Rent stabilized tenant Jannette Perez shared similar concerns with the Rent Guidelines Board at an April 26 hearing, saying she would likely face eviction from her apartment if the rent was increased, given the struggle she was currently having to make ends meet. Through a translator, Perez said that she had experienced unemployment during the pandemic and was still waiting on her full Emergency Rental Assistance Payment, and the additional cost per month could push her over the edge.
The tenants have also found support in a number of local politicians.
Brooklyn state Sen. Zellnor Myrie, who represents the 20th District, told Brownstoner that the 50,000 rent-stabilized families he represents were the “very working class New Yorkers this mayor claims to champion.”
“Many of them are living paycheck to paycheck, in an ongoing pandemic, with inflation and evictions at historic highs,” he said. “A 9 percent rent increase would be devastating, and would call into serious question this administration’s commitment to protecting communities like mine.”
New York City Public Advocate Jumaane Williams and Comptroller Brad Lander also released statements ahead of the vote touting the damage the increase would have on many of the city’s low income renters.
Williams said although it was undeniable that housing costs were increasing for everyone, including owners, the solution was not to demand increased rent from the tenants who were struggling.
“Rising, unpayable rents will do nothing to alleviate the costs incurred over the pandemic – rather, they will exacerbate the problem and escalate the mounting eviction crisis,” he said.

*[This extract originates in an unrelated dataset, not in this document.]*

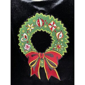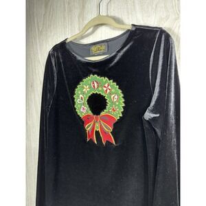 Bob Mackie Black Velvet Christmas Sweater L Wreath Bow Holiday Festive

However, representatives for landlords said the increases were much needed to keep up with a “widening and worrisome divergence between income from residential units and the expenses confronting rent stabilized property owners,” a spokesperson for the industry association Real Estate Board of New York told Brownstoner.
During the hearing, homeowner board members Robert Elrich and Christina Smyth said landlords were hurting with inflation and the rising costs of maintaining safe housing, and needed even greater rent increases to keep providing adequate services.
“These ranges will not put a dime more of profit in the pockets of homeowners,” Smyth said, referring to 4.5 to 6.5 percent increases for one-year leases and 6.5 to 8.5 percent increases for two-year leases. Due to the “volatile nature of inflation,” the increases wouldn’t even offset rising interest rates and costs of water, energy, gas and more, she added.
Increasing rents for rent stabilized apartments was, the pair said, vital to ensuring the city did not decommodify its housing stock, with buildings slipping into dilapidation and owners into insolvency.
The Rent Guidelines Board will hold two public hearings on the proposed increases ahead of a final vote on June 21, 2022.
This story first appeared on Brownstoner.